FAUZIAH IBRAHIM, ABC NEWS: Now, they've also promised new measures to support treatment for women experiencing menopause symptoms. Well, Ged Kearney is the Assistant Minister for Health, and she joins us now from Canberra. A very good morning to you. Thank you for being with us today.

GED KEARNEY, ASSISTANT MINISTER FOR HEALTH AND AGED CARE: Great pleasure for a great announcement.

IBRAHIM: It does seem that way to be quite a great announcement for many women but I'd like to ask you, why has the Labor Party decided to target long term contraceptives like IUD, particularly when Australia has one of the lowest uptakes of this contraception?

KEARNEY: That's right. We do have one of the lowest uptakes of long acting reversible contraceptives like IUDs and Implanon and when you compare us with the world and we think one of the major reasons is the barrier of cost. It's been extremely expensive for women to have an IUD or Implanon inserted. And these measures go a long way to alleviating that cost. For example, we expect women to save between $400 and $500 on this process. So this is revolutionising, I think, long acting reversible contraceptives, or LARCs as they're commonly known, and will encourage more women to take them up. They're extremely effective. You only need them once every eight years. You don't have to take the pill every day. You don't have to go back to the GP for further scripts. So this is really- I think will revolutionise contraceptive care in this country for women.

IBRAHIM: Look, it all sounds really good, Minister, except there are reports that women are finding it difficult to access non-hormonal IUDs. This is particularly for women who are undergoing cancer treatment or so. Does the package include ensuring that these non-hormonal IUDs are easily accessible?
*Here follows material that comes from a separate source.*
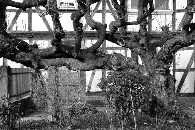 Такое дерево у нас поблизости. По-моему, ветка чересчур посередине. Надо ещё поснимать.

KEARNEY: Well, part of the package is actually increasing the MBS rebate for a visit to the GP to have IUDs inserted and so that is where the massive saving will be. That is where the $400 to $500 savings will be, and that saving will apply to non-hormonal contraceptives.

IBRAHIM: Right.

KEARNEY: So the cost of the contraceptive will stay the same but is the insertion that is expensive and that is what will be the cost relief in this policy package.

IBRAHIM: But it doesn't address the lack of supply for the non-hormonal IUDs though?

KEARNEY: Well, the pharmaceutical companies have to guarantee supply of the drugs that we are putting on the PBS, the new drugs that are going onto the PBS. But I don't think there's been a supply issue for IUDs, to my knowledge. But the Government has a plan, a very robust plan in place to deal with shortages of medical devices and drugs in this country.

IBRAHIM: Minister, just talking to some of my girlfriends and many of them would say they don't want to take up the IUD, mainly because of the pain, and it's not so much the cost and that they point to is why there's such a low uptake of the IUD.

KEARNEY: Do you know- I think there's a lot of misinformation and disinformation at the moment, particularly on the internet and through Instagram about hormonal IUDs. They are very safe and they are incredibly effective. They have a large uptake right around the world. Australia lags behind in that, and they have been proven to be very effective and part of this package is actually we will be doing some training in centres of excellence to train doctors to have better skills in educating women around the contraceptive choices and in inserting and removing IUDs. I think if you look at the whole package, we'll be able to overcome some of that misinformation. We will have a better skilled health workforce and the whole process will be cheaper. And we expect there to be a greater uptake from women with this particular device.

IBRAHIM: Okay. Well, just staying with the package, the Government has announced- well, it's promising to build a network of endometriosis and pelvic pain clinics around the country. It's great news for women who are suffering from these conditions, of course, but it does seem to hinge on whether Labor does get re-elected in the next federal election. Now, the data on the number of women who are silently suffering from physical pain has been known for some time. So why hasn't Labor addressed this issue a lot earlier instead of just before an election?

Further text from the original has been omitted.